I do not recall the brand of dehumidifiers we used. They where big heavy and blue though
And expensive as could be also like 3k each


----------



## L3G4CY (Mar 31, 2016)

churchhaze said:


> I've been following these forums since the overgrow days, so yes I'd say I'm forum born and raised.
> 
> I've been designing my own hydroponic formulas for the past 7 years now and have made over 18 iterations of my formula, dialing in on the perfect nutrient profile. The reason you're seeing improvement in your grows has nothing to do with the bullshit products you've been adding. You're probably just better at growing than you were when you didn't use those products.
> 
> You say it's expensive to become "really" dialed in, but my nutrients are likely some of the cheapest on the forum. Generic salts.


Hey Church, I'm on your side, I believe also that plant absorb straight inorganic molecules.. 

Your formula seems interesting, how would you compare it to the Jacks Pro formula? I'm wondering if there is a real major advantage to switch to a custom formula like yours considering all the work required to buy the raw ingredients and making the right ratio formula (weighting everything out perfectly) than try to tweak it like you did to find the perfect formula..

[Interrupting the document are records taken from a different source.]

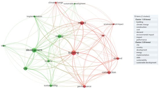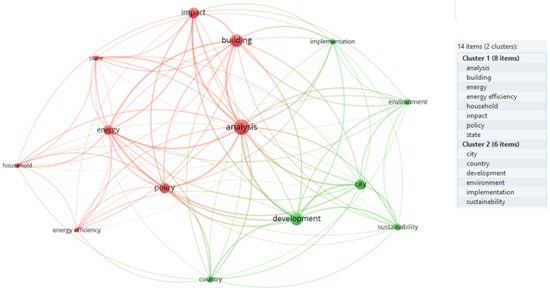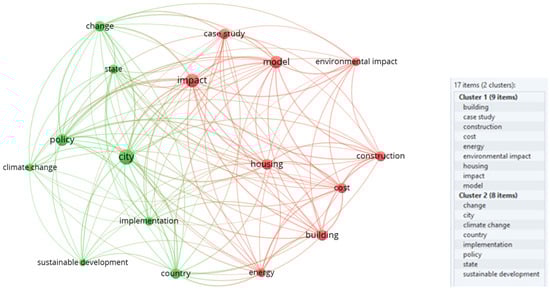 Four keywords were included in the last research for this study; “affordable housing”, “sustainability”, “energy efficiency”, and “environmental impact”; a total of 109 articles were retrieved. The importance is given to the centralization of all research; in Figure 11, the cluster in green (i.e., “development” and “energy”) presents terms related to the aspects of governance and environment and the red one (i.e., “building” and “impact”) reaches the technical issues of the theme more focused on environmental and civil engineering.
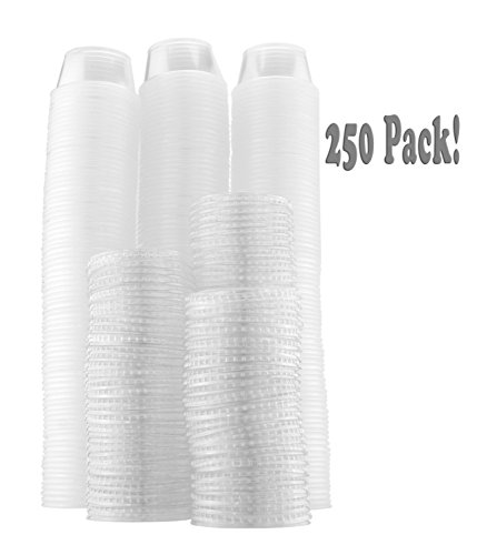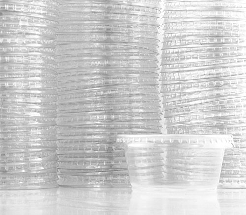 Studio : Cornucopia Brands Publisher : Cornucopia Brands Product Description Our 2oz (1/4 cup) portion cups are very convenient. They have snap-tight lids are great for on the go. Since these are transparent, it is easy to see your contents. Single size servings are so expensive to buy, so why not make your own? Use for: * Condiments, dips dressing for packed lunches to go * Portion control for diet health * Candy, snacks, shot size puddings jello * Sauces dressings, single-serve portions * Medicines * Toddler baby food size * Arts crafts: Paint or pigment storage or for DIY Slime * Party favors or samples * Alternative to bento boxes * Occupational therapy / fine motor skills learning * Great for deli, restaurants, catering, home kitchen, schools, VBS, day camps. Though containers are disposable, they can be washed for reuse several times. They are NOT dishwasher safe. Please hand wash. Cup Material: #5 Recyclable PP Polypropylene Plastic (like yogurt containers butter spread containers). Lid: #1 Recyclable PET Polyethylene plastic (like water bottles). Both #1 #5 are BPA-free.Size: 2-oz capacity = 1/4 cup = 160 ml. Container is 1.25" tall with lid 2" wide at base tapering up to 2.5" diameter at lid.Quantity: 250 2oz cups 250 snap-tight lids.Q A: Why are the lids a different kind of plastic from the cup?#5 plastic is sturdier for a strong cup, but #1 plastic is more flexible for a well fitting lid. Are these leakproof?We did several leak tests on this product and it passed with flying colors. We provide no guarantees for when your child sits on her lunchbag. Are the lids easy to open close?Haven't had a 5-year-old try them yet, but I found them very quick easy to handle. 0 |
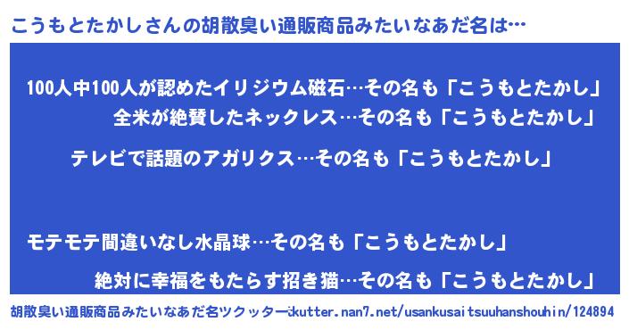 | 肩書あだ名 | 『こうもとたかし総統』 |

Have you tried Jack Pro hydro or anything similar, what differences (improvements) are you getting from your tailored formula?

Thanks,


----------



## churchhaze (Mar 31, 2016)

L3G4CY said:


> Hey Church, I'm on your side, I believe also that plant absorb straight inorganic molecules..
> 
> Your formula seems interesting, how would you compare it to the Jacks Pro formula? I'm wondering if there is a real major advantage to switch to a custom formula like yours considering all the work required to buy the raw ingredients and making the right ratio formula (weighting everything out perfectly) than try to tweak it like you did to find the perfect formula..
> 
> ...


Download hydrobuddy. It will help figure out how much of each salt you need to make A+B solutions.

I have a DIY thread on it here:

http://rollitup.org/t/diy-hydroponic-nutrients-in-5-minutes.894332/

There are a lot of recipes in the formula database in a stock installation of Hydrobuddy, including recipes from the University of Florida, Howard Resh, and a bunch of other sources.


----------



## budman111 (Mar 31, 2016)

since1991 said:


> I listen to real world scientists that travel the globe searching for the latest in studies tests and the cutting edge in horticulture.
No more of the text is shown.